Give back exactly the lines that start at the one containing "Отварные яйца порезать" and run to the end of the material, leaving out the pictures.
[[ MATERIAL TO PROCESS open ]]
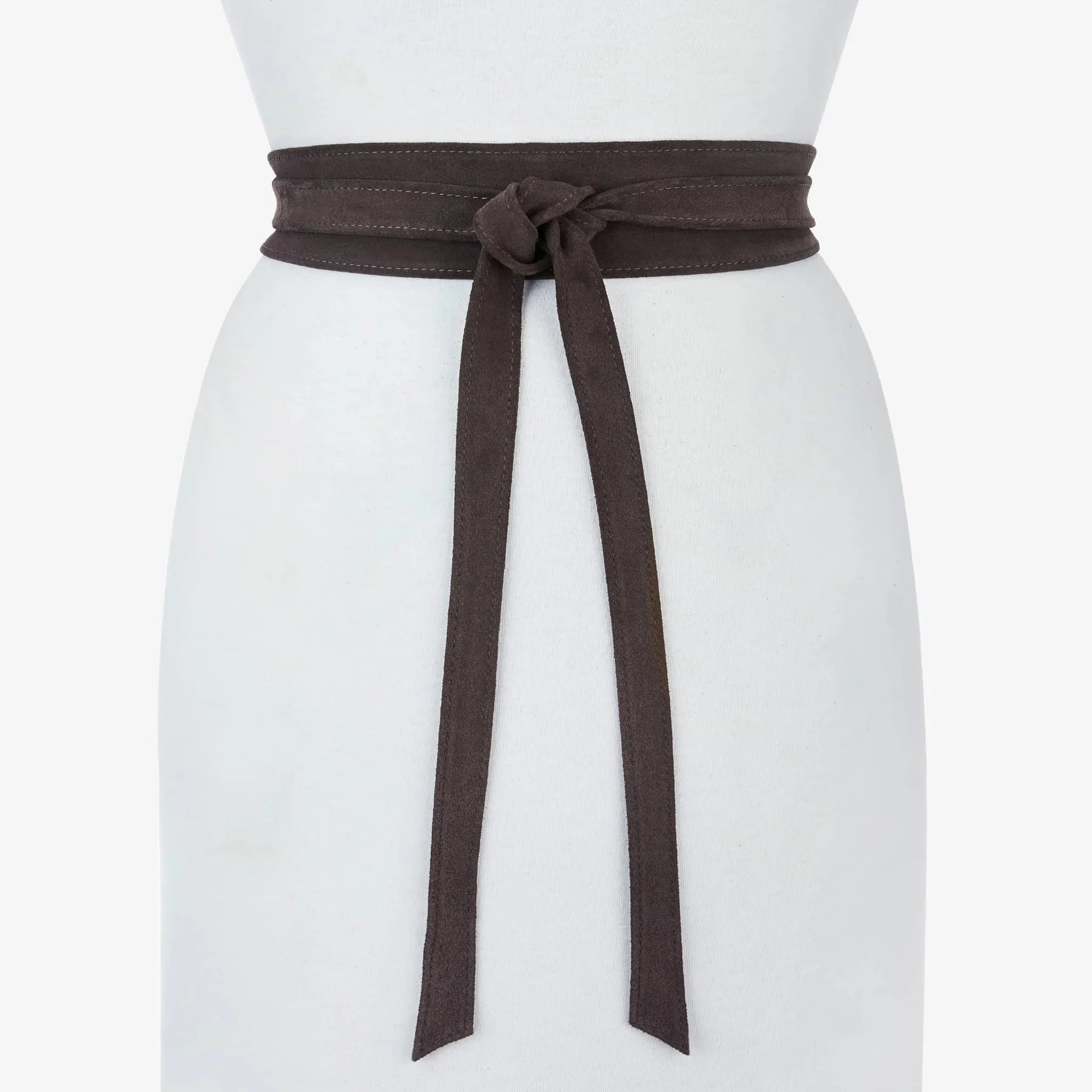 Our Gatlin wrap belt is a slender version of our original Mananas belt. Handcrafted in our soft Italian suede in a wide array of colors to match any mood. Simply wrap at the waist, bring the ends forward and tie into a front knot or a half bow. Wear over a dress or blazer to add shape and create a more chic, elevated look.
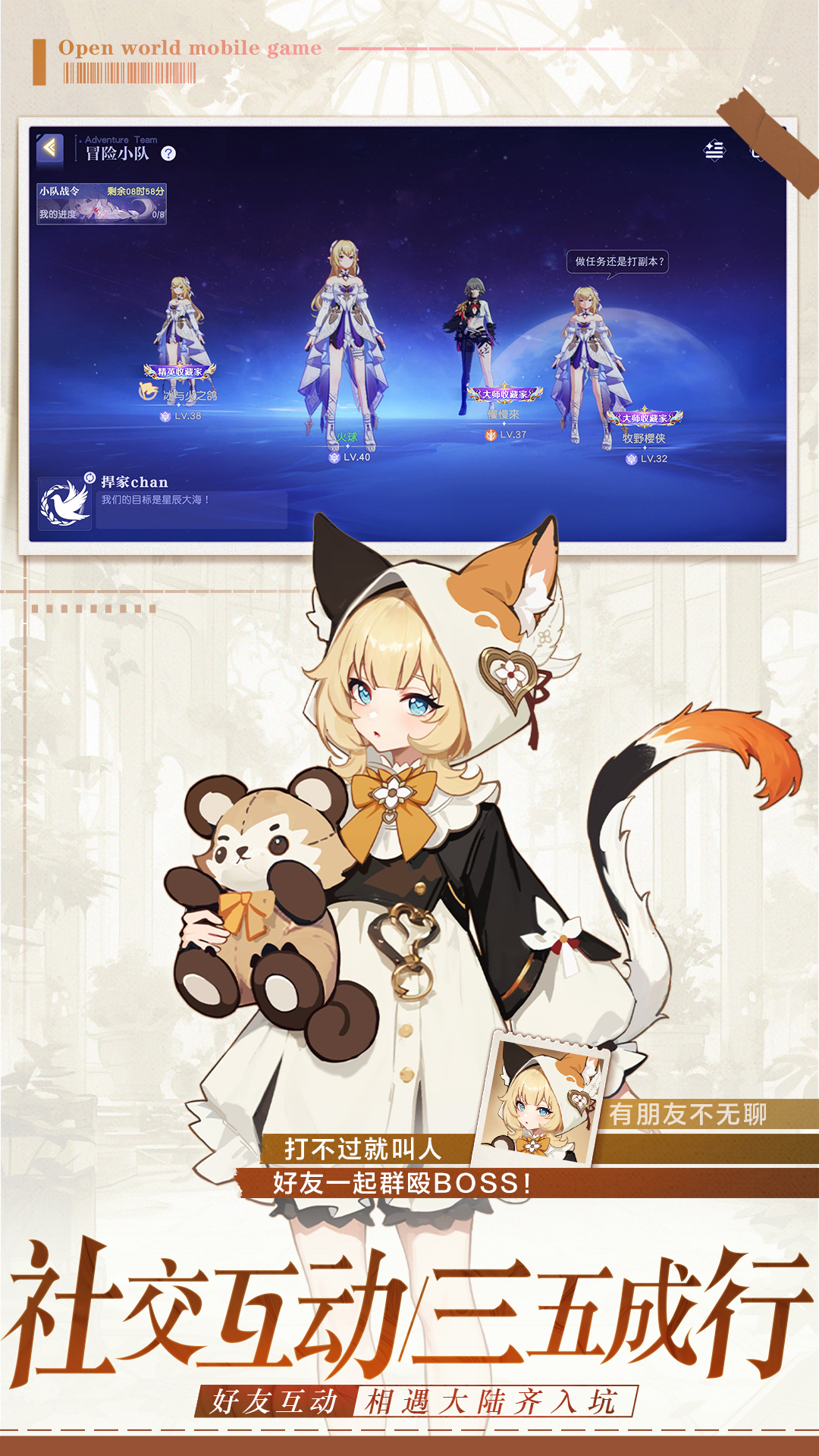 组建 8 人星旅团挑战副本,参与80人 GVG 城战争夺主城,交易行互通有无,更能借好友角色助力冒险。
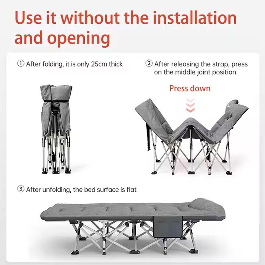 Exceptional comfort: The folding bed with a memory foam headrest provides unparalleled comfort for a peaceful sleep all night long.
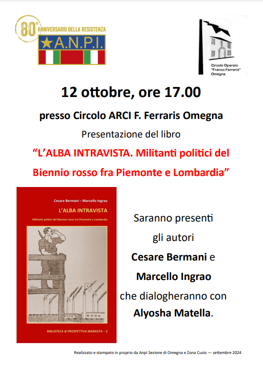 Sabato 12 ottobre, alle ore 17:00, nel salone del Circolo Operaio Arci "F. Ferraris" di Omegna, si terrà la presentazione del libro "L'alba intravista. Militanti politici nel Biennio Rosso fra Piemonte e Lombardia" di Cesare Bermani e Marcello Ingrao.
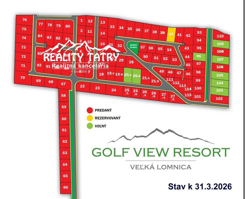 REALITY TATRY - realitná kancelária vám ponúka na predaj stavebné pozemky s kompletnými inžinierskymi sieťami - voda, plyn, elektrina, kanalizácia, kompletná asfaltová prístupová cesta s osvetlením. Pozemky sa nachádzajú v novej rekreačnej štvrti vo Veľkej Lomnici a sú situované na juhozápadnej časti kopca priamo nad golfovým ihriskom Black Stork. Unikátna orientácia ponúka jedinečné výhľady na panorámu Vysokých a Nízkych Tatier ako aj Slovenského raja. Lokalita je ohraničená zdola potokom a golfovým ihriskom a zvrchu lemovaná lesom.
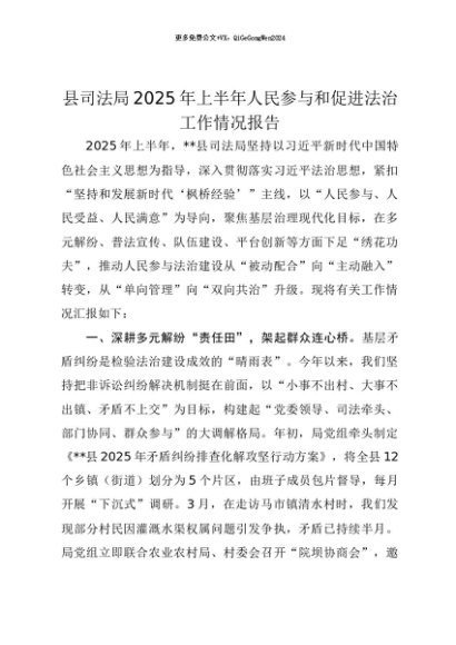 【七哥公文】2025年:【七哥公文】县司法局2025年上半年人民参与和促进法治工作情况报告+更多免费公文+VX:QiGeGongWen2024+更多免费公文+VX:QiGeGongWen2024
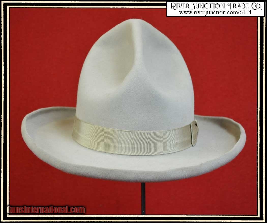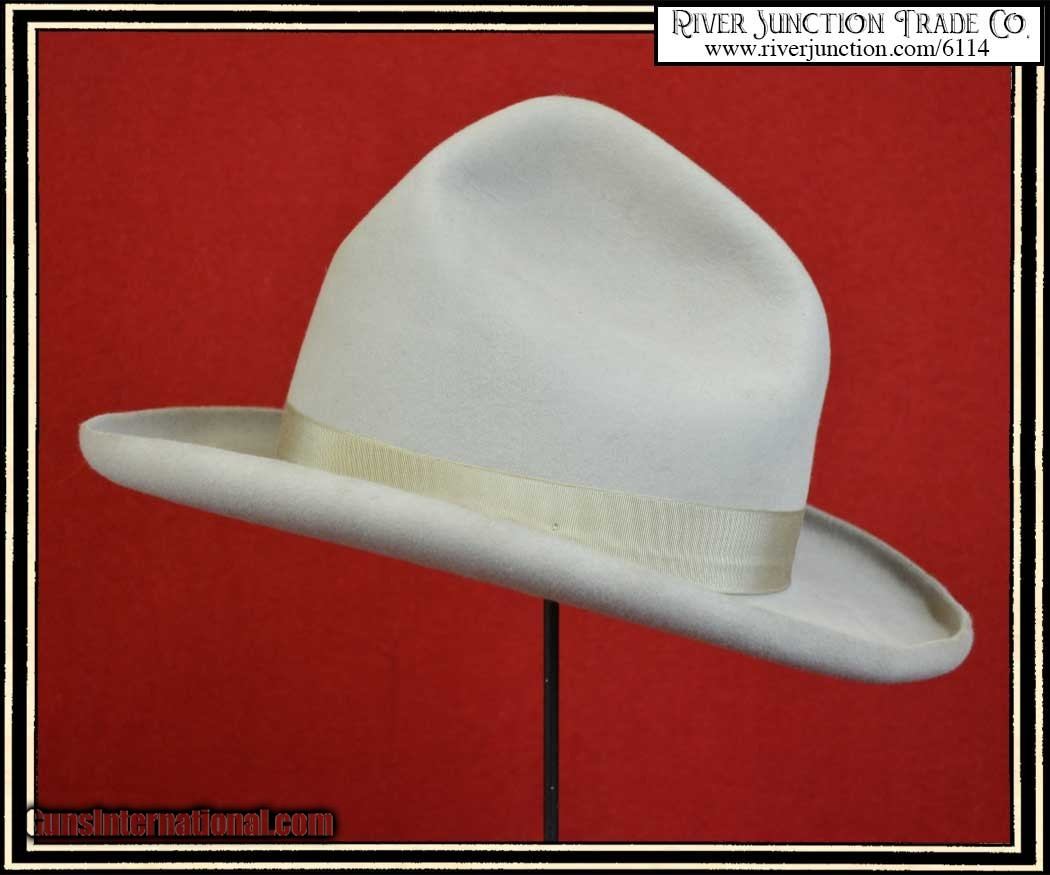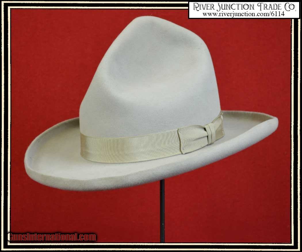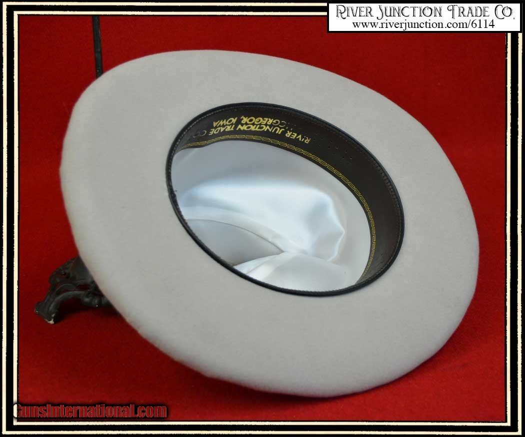 Description: Pre-Steamed and Styled by hand, this is a unique and one of a kind hat. Hand styled with attention to detail. This custom styled hat with a classic cowboy look. Features a 6 1/4 in. crown with 3 1/4 in. brim with Kettle curl. Payment: Item, can be ordered on line with a credit card or paypal on our sight. Just Google (riverjunction) and type in the River Junction Trade Co. item number (6114) in the search box. Before you checkout you will see shipping cost and total. OR If you prefer: Pay by cash, postal money order, cashiers check, personal & business checks. We wait for checks to clear. We always answer questions and entertain offers. Have questions? Call me 563-880-4588. Jim SOLD |
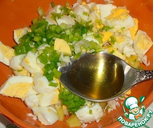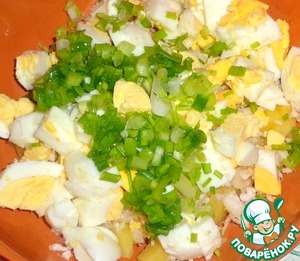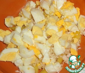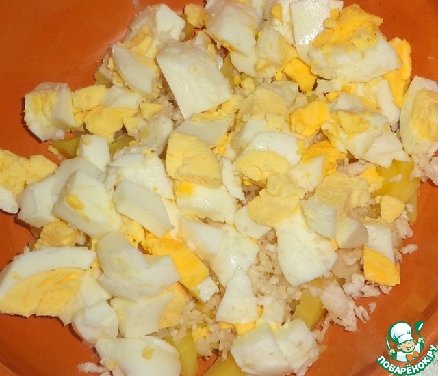 Отварные яйца порезать крупными кусочками и добавить в салат. Перемешать.
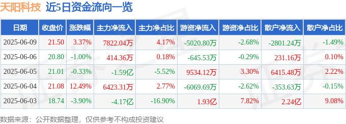 6月9日的资金流向数据方面,主力资金净流入7822.04万元,占总成交额4.17%,游资资金净流出5020.8万元,占总成交额2.68%,散户资金净流出2801.24万元,占总成交额1.49%。
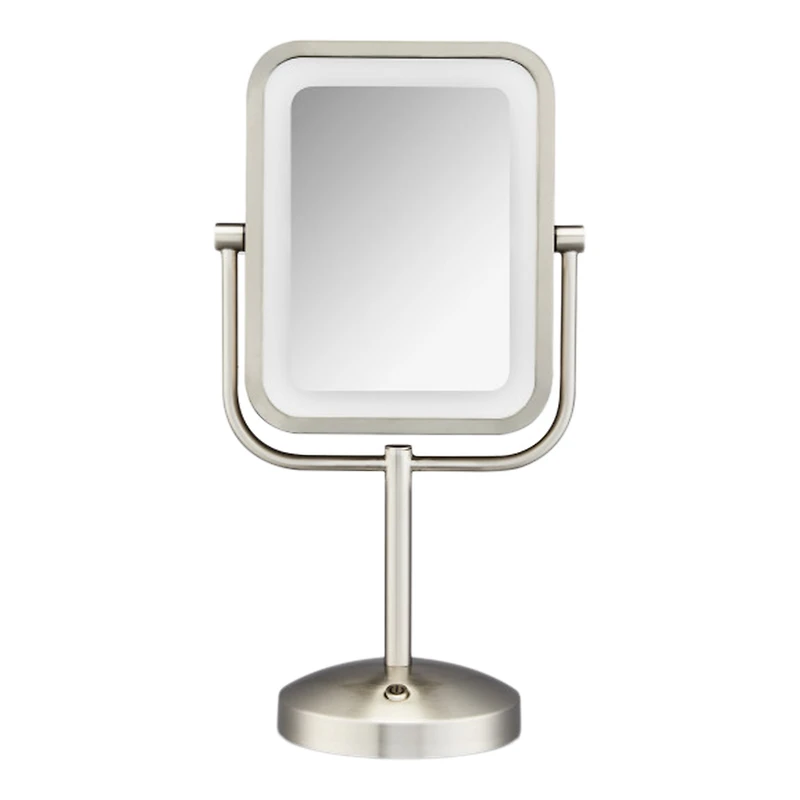 LED LIGHTED 8X MAG MIRROR OBLONG. Benefits: Double-Sided 1x/8x Magnification. Oblong Square Design. 3 Light Settings Select low, medium or high at the touch of a button and reveal yourself in soft, even lighting so you can easily achieve a flawless look for any occasion.. Lifetime LED Lighting: Experience clear, energy-efficient illumination with light bulbs that never need to be replaced.. 360 degree Rotation: Versatility and easy positioning for your perfect makeup routine.. Features: Battery Operated: Cordless power keeps countertops neat and makes the mirror easy to take on the go.. Uses 3 AA batteries (not included).. 1x/7x Magnification: Double-sided design lets you switch seamlessly from 1x magnification for full view and 7x magnification for close-up work.. Dimensions: 7.5" x 5.5" x 14.5". :
[[ MATERIAL TO PROCESS closed ]]
RESPONSE:
 Отварные яйца порезать крупными кусочками и добавить в салат. Перемешать.
 6月9日的资金流向数据方面,主力资金净流入7822.04万元,占总成交额4.17%,游资资金净流出5020.8万元,占总成交额2.68%,散户资金净流出2801.24万元,占总成交额1.49%。
 LED LIGHTED 8X MAG MIRROR OBLONG. Benefits: Double-Sided 1x/8x Magnification. Oblong Square Design. 3 Light Settings Select low, medium or high at the touch of a button and reveal yourself in soft, even lighting so you can easily achieve a flawless look for any occasion.. Lifetime LED Lighting: Experience clear, energy-efficient illumination with light bulbs that never need to be replaced.. 360 degree Rotation: Versatility and easy positioning for your perfect makeup routine.. Features: Battery Operated: Cordless power keeps countertops neat and makes the mirror easy to take on the go.. Uses 3 AA batteries (not included).. 1x/7x Magnification: Double-sided design lets you switch seamlessly from 1x magnification for full view and 7x magnification for close-up work.. Dimensions: 7.5" x 5.5" x 14.5". :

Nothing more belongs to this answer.